A stranger listening to every one, looking into every thing, will see that on the fringe of actual fact there are appearances which might seem to justify, according to the point of view, these opposite and extreme opinions; yet, on massing and balancing his observations of the country as a whole, a stranger must perceive that under emancipation the peasant is better dressed, better lodged, and better fed; that his wife is healthier, his children cleaner, his homestead tidier; that he and his belongings are improved by the gift which changed him from a chattel into a man.

A peasant spends much money, it is true, in drams; but he spends yet more in clothing for his wife. He builds his cabin of better wood, and in the eastern provinces, if not in all, you find improvements in the walls and roof.
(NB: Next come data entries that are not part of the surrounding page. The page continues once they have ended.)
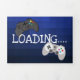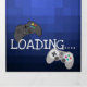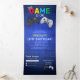 Cool 2 en 1 invitation d'anniversaire avec un arrière - plan pixel bleu, le texte "LE JEU EST SUR !", deux contrôleurs de jeu vidéo, une photo de votre enfant, une invitation de fête, et une carte postale rsvp.
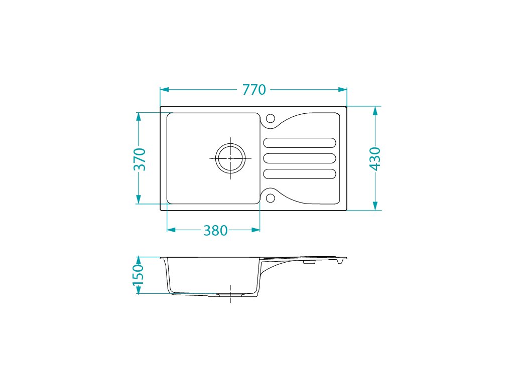 - materiál granitový dřez- rozměr dřezu: 770 x 430 mm
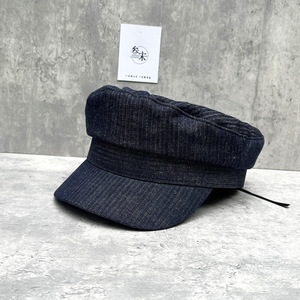 黑蓝细条纹 平顶帽
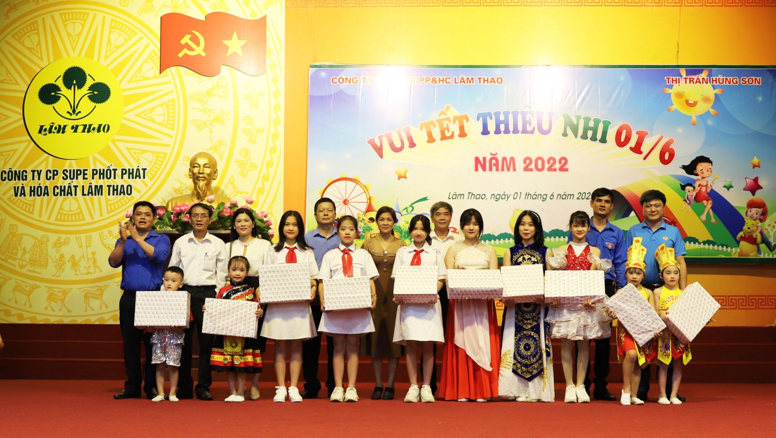 Hoà chung không khí nhộn nhịp khắp nơi trong cả nước đón chào ngày Quốc tế thiếu nhi 01/6, được sự quan tâm, tạo điều kiện của Ban Lãnh đạo Công ty, tối ngày 01/6/2022, tại Hội trường Khu công nhân Supe, Đoàn Thanh niên Công ty phối hợp với Đoàn Thanh niên thị trấn Hùng Sơn tổ chức chương trình “Vui Tết thiếu nhi 01/6" cho các cháu thiếu niên nhi đồng là con em của cán bộ, công nhân viên Công ty và nhân dân trên địa bàn.
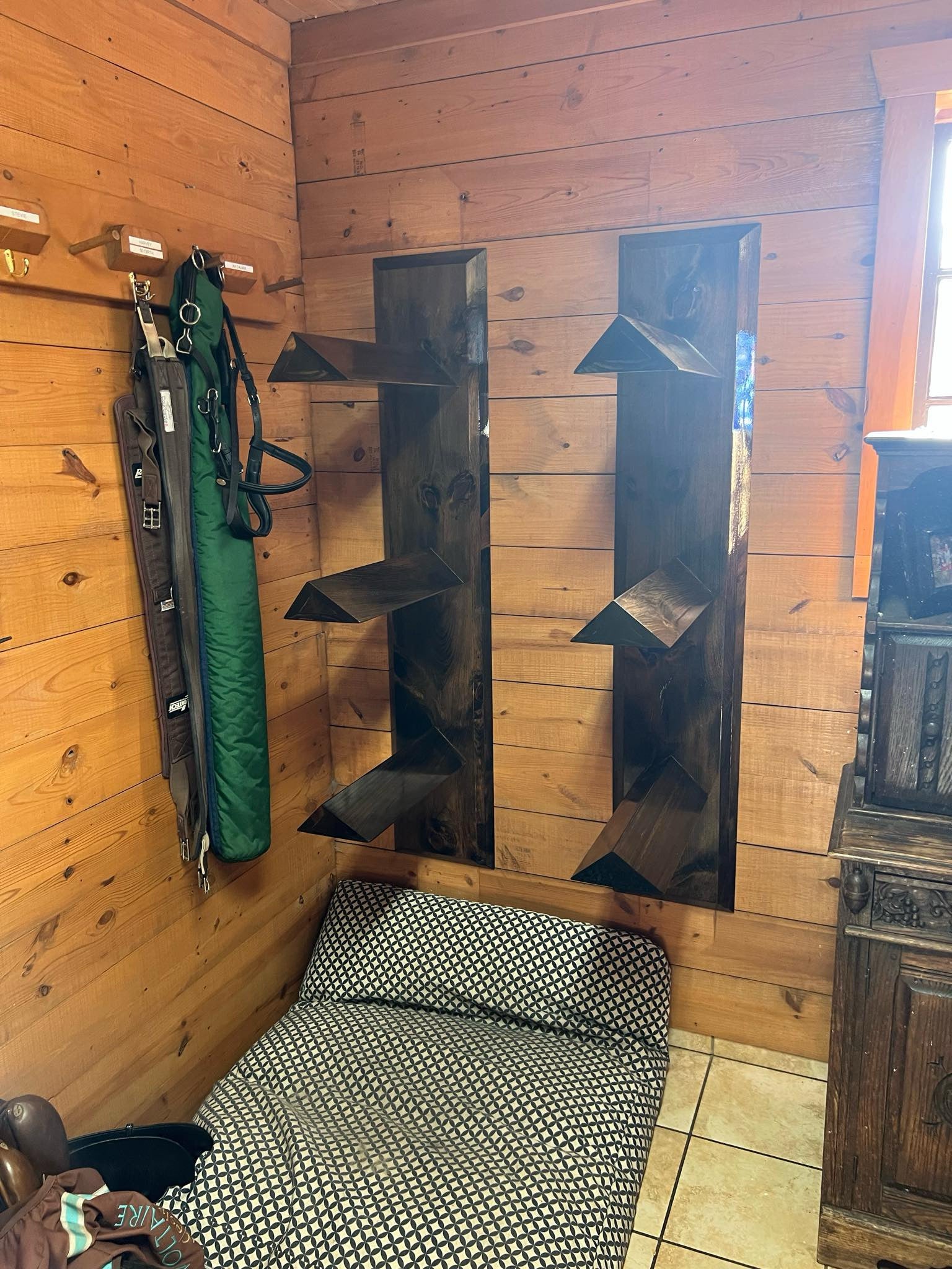 Originally crafted by a good friend and master furniture builder, John Nierle, this product deserves to be named after him. It's beauty is in the simplicity, achieved only through near impossible cuts in the lumber. Thought's given to the direction of the grain and selection of each piece of wood. Really adds a touch of elegance to any tack room and is a lifetime purchase built to be used commercially.

He paints the logs, and fills up cracks with plaster, where he formerly left them bare and stuffed with moss. He sends his boys to school, and goes himself more frequently to church. If he exports less corn and fur to other countries, it is because, being richer, he can now afford to eat white bread and wear a cat-skin cap.

The burgher class and the merchant class have been equally benefited by the change. A good many peasants have become burghers, and a good many burghers merchants. All the domestic and useful trades have been quickened into life. More shoes are worn, more carts are wanted, more cabins are built. Hats, coats, and cloaks are in higher demand; the bakeries and breweries find more to do; the teacher gets more pupils, and the banker has more customers on his books.

This movement runs along the line; for in the wake of emancipation every other liberty and right is following fast. Five years ago (1864), the Emperor called into existence two local parliaments in every province; a district assembly and a provincial assembly: in which every class, from prince to peasant, was to have his voice. The district assembly is elected by classes; nobles, clergy, merchants, husbandmen; each apart, and free; the provincial assembly consists of delegates from the several district assemblies. The district assembly settles all questions as to roads and bridges; the provincial assembly looks to building prisons, draining pools, damming rivers, and the like. The peasant interest is strong in the district assembly, the landlord interest in the provincial assembly; and they are equally useful as schools of freedom, eloquence, and public spirit. On these local boards, the cleverest men in every province are being trained for civic, and, if need be, parliamentary life.

On every side, an observer notes with pleasure a tendency of the villagers to move upon the towns and enter into the higher activities of civic life. This tendency is carrying them back beyond the Tartar times into the better days of Novgorod and Pskoff.